*** Opening of The data ***

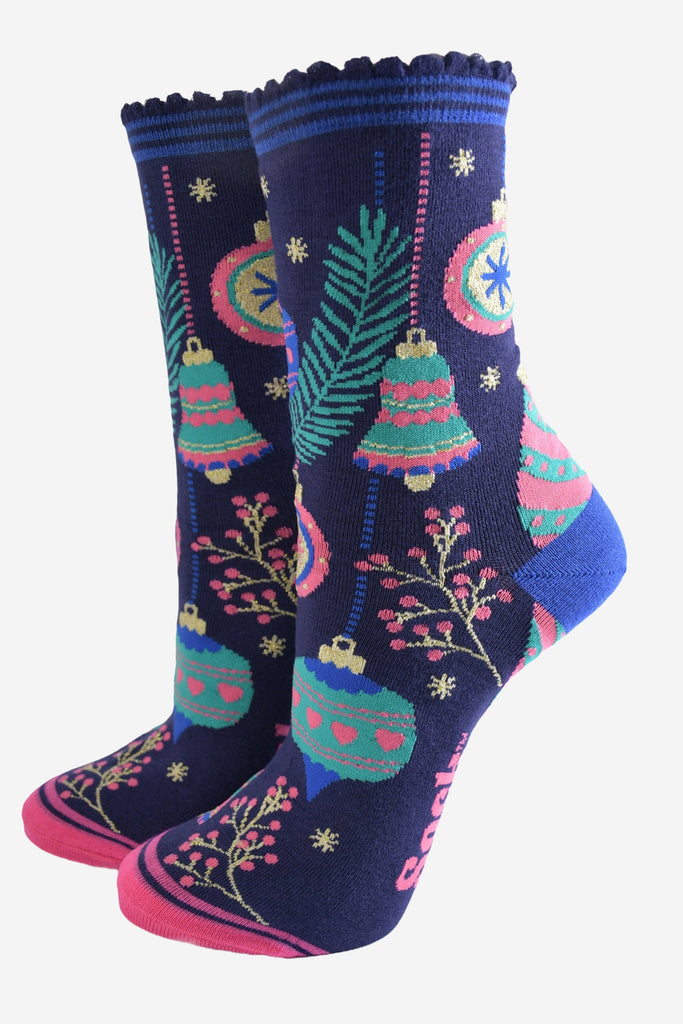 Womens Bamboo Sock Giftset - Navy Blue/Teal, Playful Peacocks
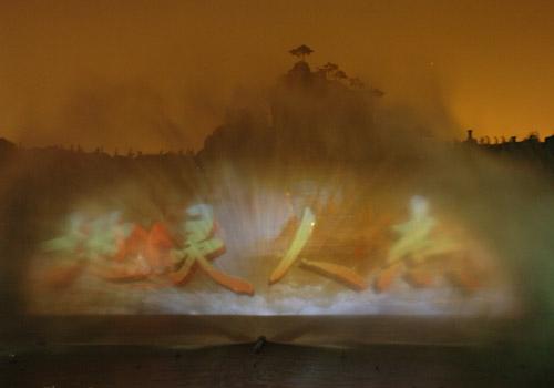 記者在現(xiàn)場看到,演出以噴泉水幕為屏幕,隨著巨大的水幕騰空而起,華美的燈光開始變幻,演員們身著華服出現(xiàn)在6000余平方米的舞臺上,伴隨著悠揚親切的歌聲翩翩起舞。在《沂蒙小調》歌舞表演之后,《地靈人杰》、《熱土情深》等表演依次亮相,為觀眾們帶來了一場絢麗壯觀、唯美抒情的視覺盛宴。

*** Close of The data ***
*** Opening of The data ***

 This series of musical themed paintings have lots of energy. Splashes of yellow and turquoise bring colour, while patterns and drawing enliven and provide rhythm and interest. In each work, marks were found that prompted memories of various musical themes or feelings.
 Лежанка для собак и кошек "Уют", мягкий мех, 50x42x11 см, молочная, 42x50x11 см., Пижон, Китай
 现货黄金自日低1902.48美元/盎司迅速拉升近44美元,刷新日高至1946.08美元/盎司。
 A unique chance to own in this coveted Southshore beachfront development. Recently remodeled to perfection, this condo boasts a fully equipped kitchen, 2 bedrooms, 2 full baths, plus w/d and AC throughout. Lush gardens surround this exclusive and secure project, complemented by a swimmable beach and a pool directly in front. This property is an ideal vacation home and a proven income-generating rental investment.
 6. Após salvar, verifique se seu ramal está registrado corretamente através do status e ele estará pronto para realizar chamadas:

*** Close of The data ***

### Task to carry out
Looking at the records above, count the lines where the word "This" appears. State only the number.

### Finished exercise
2